The company is betting that, while many analysts are concerned about the long-term outlook for traditional office space, warehouses that enable e-commerce companies to ship products to customers’ homes will remain in high demand. Specifically, Saltbox is geared toward small businesses that may be able to increase their output and market reach using established warehousing infrastructure rather than running a business from home or a smaller space.
Finally, the company has expanded its investment in private credit through its Opportunistic Credit Fund, arguing that increased interest rates are straining real estate borrowers. For example, in 2020 a developer might have been able to secure $75 million at a 3% rate to finance 75% of a project. Now, that number would be closer to a $55 million loan at a 6% rate to finance 50% of a project.
This shift is creating a financing gap that needs to be filled by new capital. Miller maintains that there’s a “generational” opportunity for well-capitalized private credit investors to step in with gap loans at favorable terms, but that this investment window will likely be short-lived. A significant drop in inflation or an economic recession could stabilize and lower interest rates, closing the opportunity.
The Takeaway
The Opportunistic Credit Fund returned a 13% annualized yield in its first quarter in 2023. This type of return speaks to the “great deleveraging” trend the fund has invested in through private credit. But it’s unclear how long this trend will continue, as it’s tied to higher interest rates.
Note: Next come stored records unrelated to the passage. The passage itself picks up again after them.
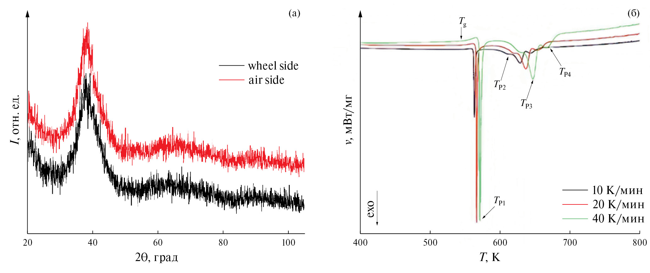 Рис. 1. Дифрактограммы (а) и термограммы (б), полученные при различных скоростях нагрева, быстрозакаленной ленты Al86Ni4Co4Tb6. Стрелками показаны температура стеклования (Tg) и температуры пиков различных стадий кристаллизации (TP1-4).
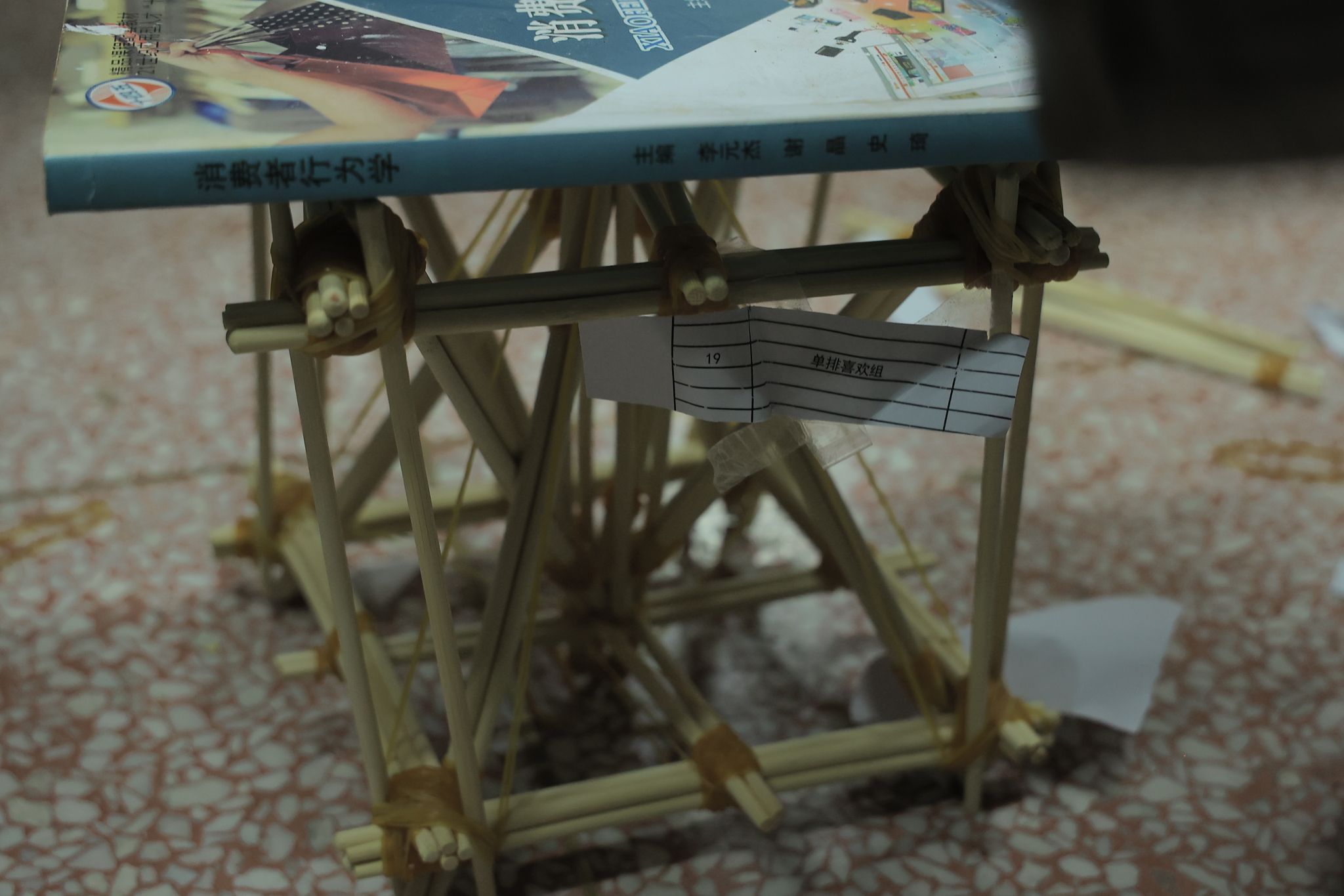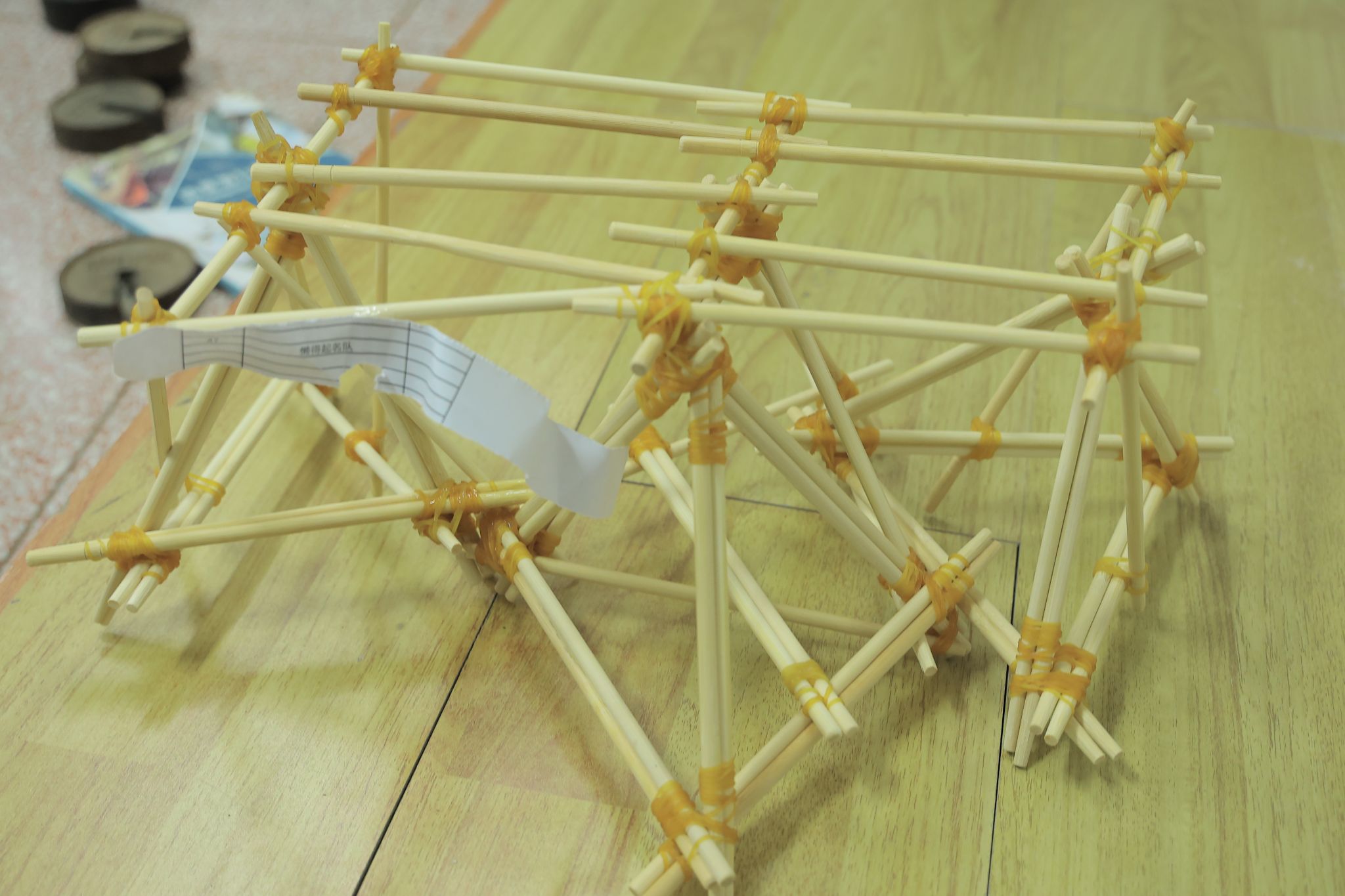 随着比赛的开始,各小队迅速投入到紧张而激烈的搭建过程中。同学们充分发挥自己的想象力和创造力,用60根筷子和90个橡皮筋搭建出一座座形态各异、创意十足的筷子桥。经过一个多小时的激烈角逐,一座座精美的筷子桥终于呈现在大家面前。为了检验桥梁的稳固性和承重能力,评委们对每座桥梁进行了承重测试。最终,经过评委们的认真评选,选出了一、二、三等奖。
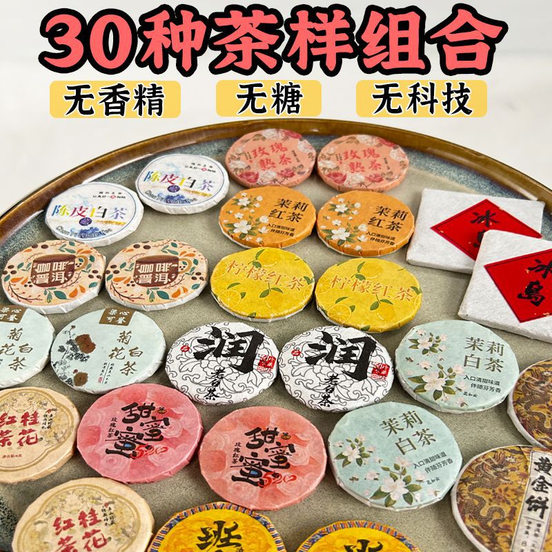 【糯糯香茶批发】33款式白茶熟茶绿茶洱茶红茶抖音对对碰茶饼批发
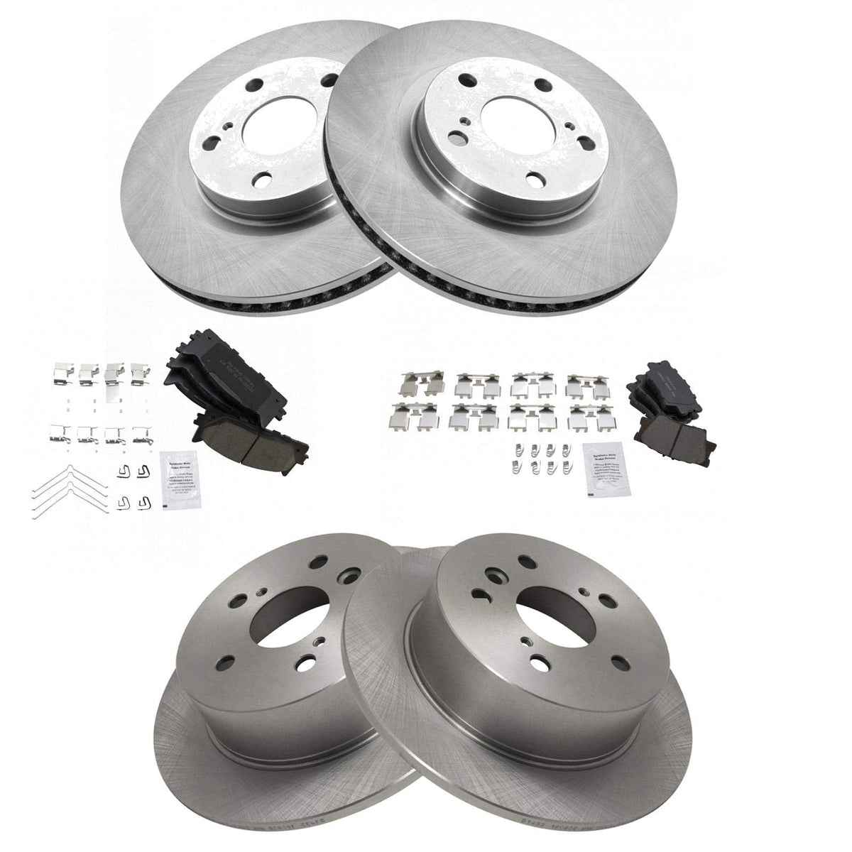Ceramic Brake Pad & Rotor KitKit Includes(1) Front Ceramic Brake Pad Set(1) Rear Ceramic Brake Pad Set(2) Front Brake Rotors(2) Rear Brake RotorsFitmentCompatible with: 2008-11 Toyota Camry Front & RearCompatible with: 2007 Toyota Camry Japan Built Models 1st VIN Digit J Front & RearCompatible with: 2007-12 Lexus ES350 Front & RearCompatible with: 2008-12 Toyota Avalon Front & RearProduct AttributesRear Brake Rotor Diameter: 11.06 in. (281mm)Front Brake Rotor Diameter: 11.65 in. (296mm)Wheel Lug Count: 5 LugBrake Pad Friction Material: CeramicBrake Pad Bonding Type: Premium PosiRear Brake Rotor Venting Type: SolidFront Brake Rotor Venting Type: VentedProduct Features Positive Molded - Less dust resulting in clean wheels G3000 Casting Alloy - Reduced noise and improved wear resistance Application Specific Design - Extended service life, no modificationsItem DetailsTRQ brake kits are designed to restore your brake system to like-new performance. TRQ brake pads are positive molded, thermal scorched, chamfered, and utilize a multi-layer shim for enhanced performance and service life. TRQ rotors have a non-directional finish that reduces the break-in period for new rotors as well as reducing vibrations throughout the rotors lifecycle. All products are fit and road-tested in our Massachusetts R&D facility to ensure we deliver on our promise of Trusted Reliable Quality.Reference NumbersAdvance Auto Parts: 40551128501, N1000301784BRC, YH145713C, YH145713PAimco: 31433, 31434Autoxtra: AX900340AutoZone: 44582, 44582DG, 44582DL, DL44582Bendix: PRT5712, PRT5713, PRT6155Bosch: 50011459, 50011486BrakeBest: 50011459, 50011486, 980470, 980470FZN, 980470R, 980470RGSCasting Numbers: 326282Centric Parts: 120.44146, 120.44146CRY, 121.44146, 126.44146CSL, 126.44146CSR, 126.44146SL, 126.44146SR, 127.44146CL, 127.44146CR, 127.44146L, 127.44146R, 128.44146CL, 128.44146CR, 128.44146L, 128.44146R, 227.44146L, 227.44146R, 320.44146, 321.44146Dura Corp: BR31434, BR900340, BR90034002DuraGo: 900340, BR900340, BR90034002, BR900342Dynamic Friction Company: 604-76080General Motors: 19184294, 19205637Hollander: 533-50153Lexus: 446506100, 446507010, 446533440, 446533450, 446533470, 446533471, 446606090, 446633160, 446633180, 446633200, 446642060Monroe Brakes: BD126407NAPA BRAKES: SDK6253Newtek Automotive USA: 31434Omnicraft: QBRR155, QBRR611Parts Master: 900340Pontiac: 19184917PowerStop: JBR1127EVCPromax: 14-31434, 20-31434Qualis: 44582Raybestos Brakes: 980467, 980467FZN, 980467P, 980467R, 980470, 980470FZN, 980470P, 980470R, 980781, 980781FZN, 980781P, 980781R, 980973, 980973FZN, 980973P, 980973R, EHT1212H, EHT1222H, MGD1212CH, MGD1222CH, SGD1212C, SGD1222CToyota: 1446633210, 4351202250, 4351206090, 4351233130, 4351242050, 446506070, 446506100, 446507010, 446507020, 446533450, 446602220, 446606060, 446606090, 446606200, 446633160, 446633180, 446642060TruStar: 479615TRW: 4828UAP: 31434Ultra Brake: TO-6000WABCO - Archived: PS900340Wagner Brake: 31434, BD126407, BD126407EWagner: BD126407, BD126489Winhere: 6621436

Ultimately, the real estate and credit markets are dictated to a large extent by these rates and other macroeconomic trends. In its analysis of these trends, Fundrise has taken a longer-term, bearish position with the goal of shoring up its investments to minimize risk given a possible recession and taking the opportunity to find short-term wins only where they fit within a risk-averse strategy.
“I’m much more focused on protecting the downside than trying to capture that [short-term] upside,” Miller told Cardiff. “There are definitely exceptions, but the point I’m trying to make is that to win the ball game is the goal. And that is basically we’re just now talking about getting onto the field in the fall with the peak of interest rates as nine innings or nine months from there.”